Output the entries that follow character for character. Leave every image out.
[[ The data open ]]
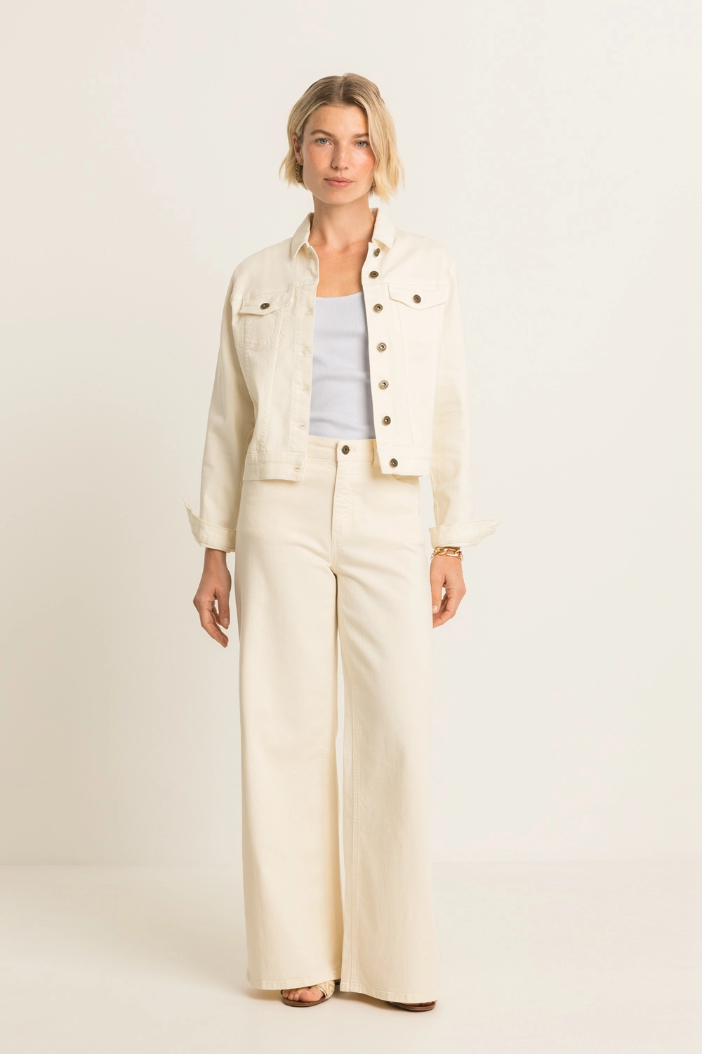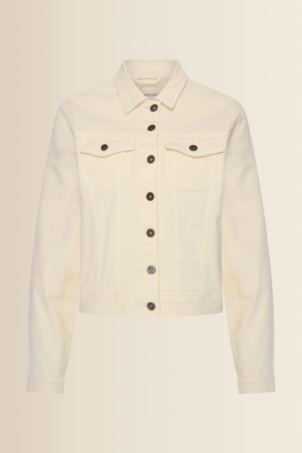 Ecru denim jack – katoenkwaliteit met een comfortabele stretch en een cleane, frisse uitstraling. Semi-fitted en vrouwelijk gevormd, met een klassieke kraag, doorknoopsluiting en klepzakken op de borst. De lichte tint maakt dit jack extra veelzijdig, terwijl de stevige denim mooi in vorm blijft en prettig draagt.
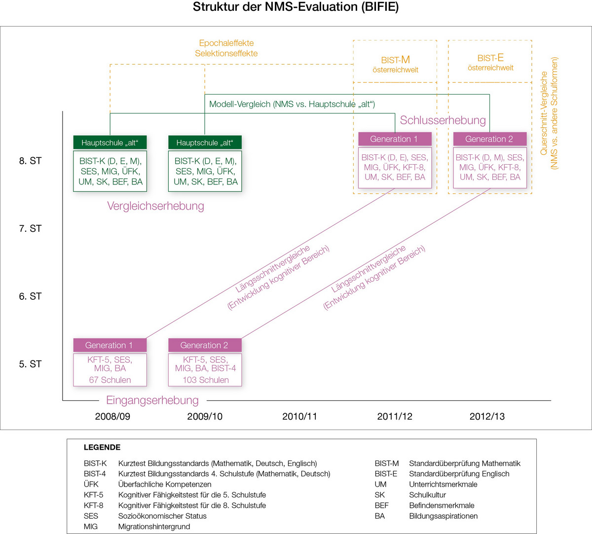 In der ersten Klasse der NMS wurden wichtige Lernvoraussetzungen erhoben. Diese Schülerinnen und Schüler wurden in einem echten Längsschnitt bis in die 4. Klasse begleitet und in ihrem letzten Schuljahr innerhalb der NMS mit den Instrumenten zur Überprüfung der Bildungsstandards sowie mit ergänzenden Instrumenten zur Erfassung überfachlicher Kompetenzen und schulbezogener Einstellungen und Verhaltensweisen getestet.
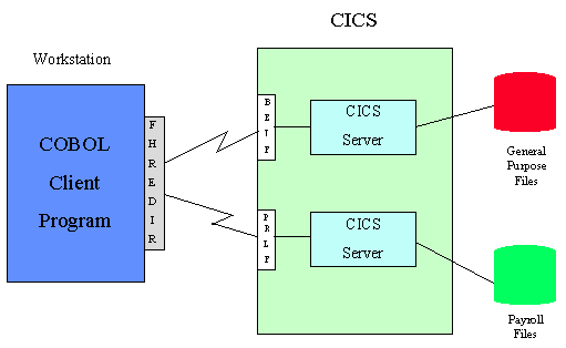 The CICS Mainframe Access environment permits multiple CICS servers to execute within the same CICS region (see Figure 1). Each CICS server must have a unique transaction ID and that transaction ID must consist of three unique characters followed by 'F' (e.g. BETF). Each CICS server executing within a single CICS region behaves as a unique file access provider; thus, programs compiled for transaction processing accessing multiple servers in the same CICS region is permissible.
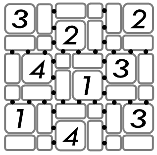 :這關跟數獨一樣,在各個空格中填入1~4的數字,讓每區塊(一共有9區)都出現一次1~4。
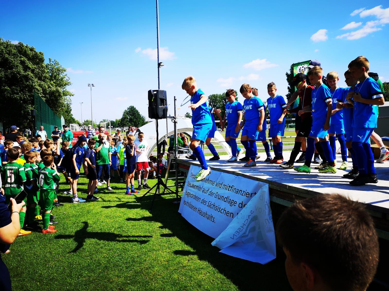 Viel Schlaf gab es also nicht, denn am Morgen des Samstages traf man sich bereits um 07:00 Uhr zum Frühstück, um pünktlich zum Saxony-Cup des Stadverbandes Fußball Dresden vor Ort zu sein. Im Sportpark Ostra wurde der Cup in mehreren Altersklassen auf 15 Spielfeldern ausgetragen und es traten insgesamt 145 Mannschaften zur Eröffnung an.
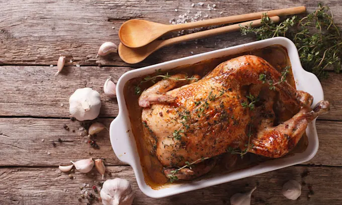 - Hornea el pollo en el horno precalentado durante aproximadamente 1 hora y 15 minutos, o hasta que esté bien dorado y cocido por completo. Para asegurarte de que el pollo esté listo, inserta un termómetro de cocina en la parte más gruesa del muslo; la temperatura interna debe alcanzar los 75°C (165°F).
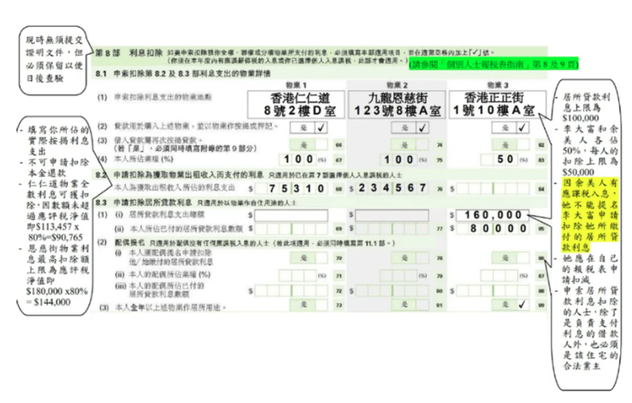 例如夫婦二人聯名擁有物業,即使按揭供款是由其中一人獨力承擔,每人就該單位的供樓利息所得的最高扣稅額為HK$100,000除二,即HK$50,000。
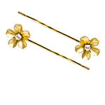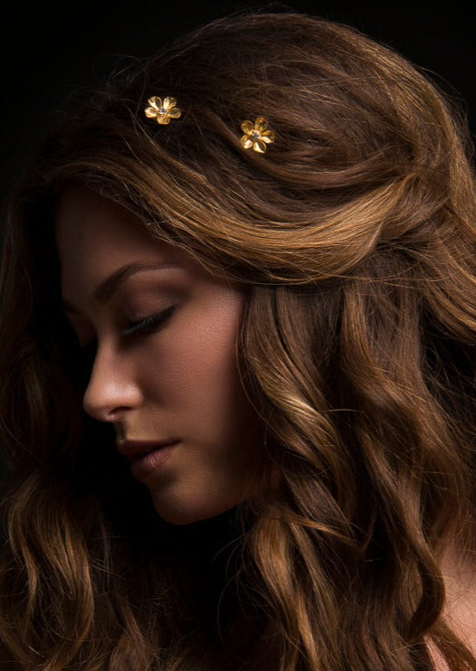 These DEMI are delicate crystal gold metal flower hairpins that will add the perfect touch of romance or bohemian feel to any hairstyle. Comes in a set of 2.
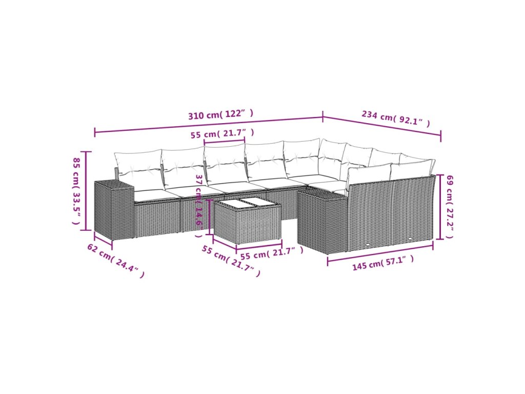Tato zahradní sedací souprava je dokonalým doplňkem vaší zahrady, terasy nebo dvorku a poskytne vám pohodlné a příjemné místo, kde si můžete povídat s rodinou a přáteli nebo jen tak odpočívat a užívat si pobyt venku.
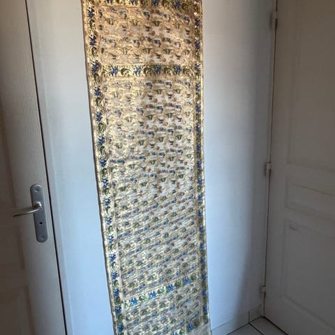 Usbekisk Suzani-tekstil er en af de smukkeste folkekunsttraditioner i verden, men disse værker er mere end blot kunst og håndværk. De har en særlig betydning, der er knyttet til et folk og deres traditioner. Dette livlige håndlavede værk er lavet af silke og blev skabt omkring 1960. Det ville være et perfekt gobelin til vægge, borddækning eller sengetæppe. De fantastiske farver og naturinspirerede designs er perfekte til traditionelle eller moderne stiltrends.
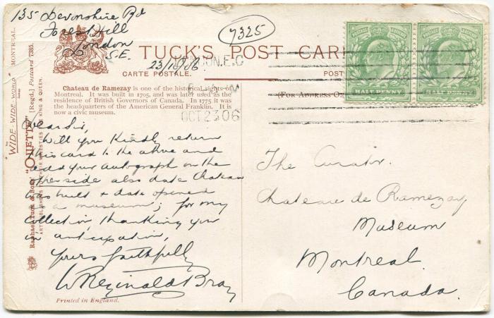 Picture postcard sent by Bray to The Curator, Chateau de Ramezay Museum, Montreal, Canada on 23rd October 1906 asking for his autograph and some information to be supplied.
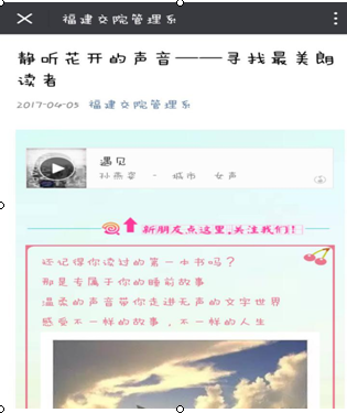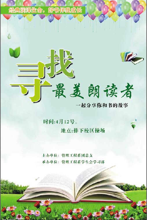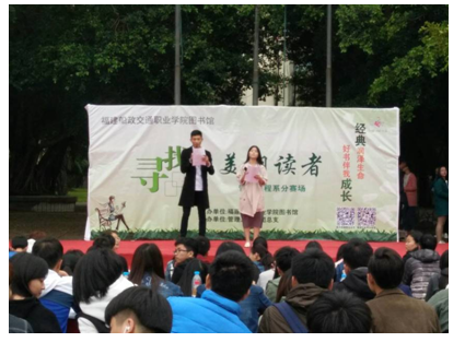 為了大力響應(yīng)國(guó)家關(guān)于全民閱讀的號(hào)召,傳播社會(huì)主義先進(jìn)文化,提高廣大船政學(xué)子的文化素質(zhì),濃厚校園學(xué)習(xí)氛圍,形成我院學(xué)生良好的學(xué)習(xí)風(fēng)氣,展現(xiàn)船政學(xué)子的風(fēng)采,樹立良好的社會(huì)形象,引導(dǎo)大家走進(jìn)閱讀社會(huì),共享閱讀快樂,多讀書,讀好書,與好書相伴,學(xué)院圖書館于2017年4月1日至4月20日期間,在全院范圍內(nèi)開展“福建船政交通職業(yè)學(xué)院圖書館讀書日2017世界詩(shī)歌日特別活動(dòng)”。作為活動(dòng)分會(huì)場(chǎng),管理工程系于2017年4月12日在排下校區(qū)操場(chǎng)舉辦了“尋找最美朗讀者”活動(dòng)。
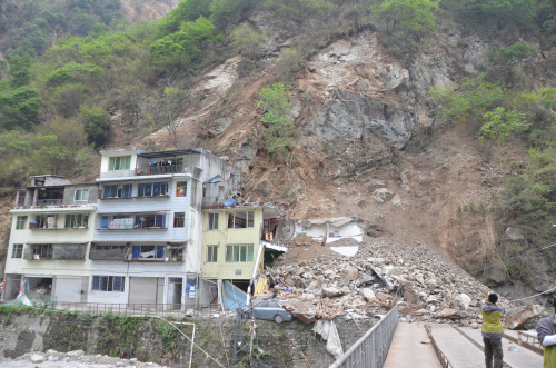 地震诱发山体滑坡毁坏民房
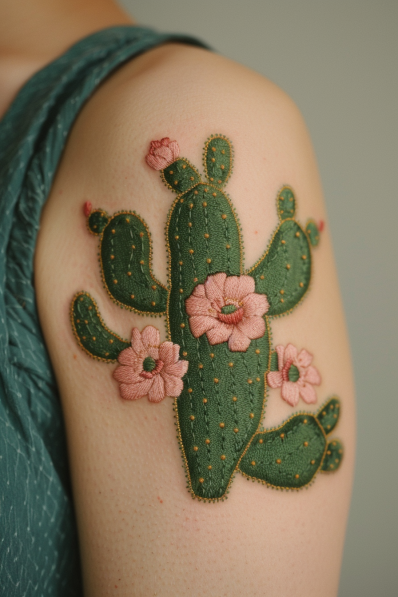 This tattoo features a lively cactus adorned with delicate pink flowers, all brought to life in an intricate embroidery patch style. The lush green cactus is dotted with golden thread-like details, adding texture and depth, while the soft blush-pink blossoms provide a beautiful contrast. The stitching effect around the edges makes the design pop, giving it the perfect sewn-on appearance that s playful yet refined.
[[ The data closed ]]
▶ _Finished task_:
 Ecru denim jack – katoenkwaliteit met een comfortabele stretch en een cleane, frisse uitstraling. Semi-fitted en vrouwelijk gevormd, met een klassieke kraag, doorknoopsluiting en klepzakken op de borst. De lichte tint maakt dit jack extra veelzijdig, terwijl de stevige denim mooi in vorm blijft en prettig draagt.
 In der ersten Klasse der NMS wurden wichtige Lernvoraussetzungen erhoben. Diese Schülerinnen und Schüler wurden in einem echten Längsschnitt bis in die 4. Klasse begleitet und in ihrem letzten Schuljahr innerhalb der NMS mit den Instrumenten zur Überprüfung der Bildungsstandards sowie mit ergänzenden Instrumenten zur Erfassung überfachlicher Kompetenzen und schulbezogener Einstellungen und Verhaltensweisen getestet.
 The CICS Mainframe Access environment permits multiple CICS servers to execute within the same CICS region (see Figure 1). Each CICS server must have a unique transaction ID and that transaction ID must consist of three unique characters followed by 'F' (e.g. BETF). Each CICS server executing within a single CICS region behaves as a unique file access provider; thus, programs compiled for transaction processing accessing multiple servers in the same CICS region is permissible.
 :這關跟數獨一樣,在各個空格中填入1~4的數字,讓每區塊(一共有9區)都出現一次1~4。
 Viel Schlaf gab es also nicht, denn am Morgen des Samstages traf man sich bereits um 07:00 Uhr zum Frühstück, um pünktlich zum Saxony-Cup des Stadverbandes Fußball Dresden vor Ort zu sein. Im Sportpark Ostra wurde der Cup in mehreren Altersklassen auf 15 Spielfeldern ausgetragen und es traten insgesamt 145 Mannschaften zur Eröffnung an.
 - Hornea el pollo en el horno precalentado durante aproximadamente 1 hora y 15 minutos, o hasta que esté bien dorado y cocido por completo. Para asegurarte de que el pollo esté listo, inserta un termómetro de cocina en la parte más gruesa del muslo; la temperatura interna debe alcanzar los 75°C (165°F).
 例如夫婦二人聯名擁有物業,即使按揭供款是由其中一人獨力承擔,每人就該單位的供樓利息所得的最高扣稅額為HK$100,000除二,即HK$50,000。
 These DEMI are delicate crystal gold metal flower hairpins that will add the perfect touch of romance or bohemian feel to any hairstyle. Comes in a set of 2.
Tato zahradní sedací souprava je dokonalým doplňkem vaší zahrady, terasy nebo dvorku a poskytne vám pohodlné a příjemné místo, kde si můžete povídat s rodinou a přáteli nebo jen tak odpočívat a užívat si pobyt venku.
 Usbekisk Suzani-tekstil er en af de smukkeste folkekunsttraditioner i verden, men disse værker er mere end blot kunst og håndværk. De har en særlig betydning, der er knyttet til et folk og deres traditioner. Dette livlige håndlavede værk er lavet af silke og blev skabt omkring 1960. Det ville være et perfekt gobelin til vægge, borddækning eller sengetæppe. De fantastiske farver og naturinspirerede designs er perfekte til traditionelle eller moderne stiltrends.
 Picture postcard sent by Bray to The Curator, Chateau de Ramezay Museum, Montreal, Canada on 23rd October 1906 asking for his autograph and some information to be supplied.
 為了大力響應(yīng)國(guó)家關(guān)于全民閱讀的號(hào)召,傳播社會(huì)主義先進(jìn)文化,提高廣大船政學(xué)子的文化素質(zhì),濃厚校園學(xué)習(xí)氛圍,形成我院學(xué)生良好的學(xué)習(xí)風(fēng)氣,展現(xiàn)船政學(xué)子的風(fēng)采,樹立良好的社會(huì)形象,引導(dǎo)大家走進(jìn)閱讀社會(huì),共享閱讀快樂,多讀書,讀好書,與好書相伴,學(xué)院圖書館于2017年4月1日至4月20日期間,在全院范圍內(nèi)開展“福建船政交通職業(yè)學(xué)院圖書館讀書日2017世界詩(shī)歌日特別活動(dòng)”。作為活動(dòng)分會(huì)場(chǎng),管理工程系于2017年4月12日在排下校區(qū)操場(chǎng)舉辦了“尋找最美朗讀者”活動(dòng)。
 地震诱发山体滑坡毁坏民房
 This tattoo features a lively cactus adorned with delicate pink flowers, all brought to life in an intricate embroidery patch style. The lush green cactus is dotted with golden thread-like details, adding texture and depth, while the soft blush-pink blossoms provide a beautiful contrast. The stitching effect around the edges makes the design pop, giving it the perfect sewn-on appearance that s playful yet refined.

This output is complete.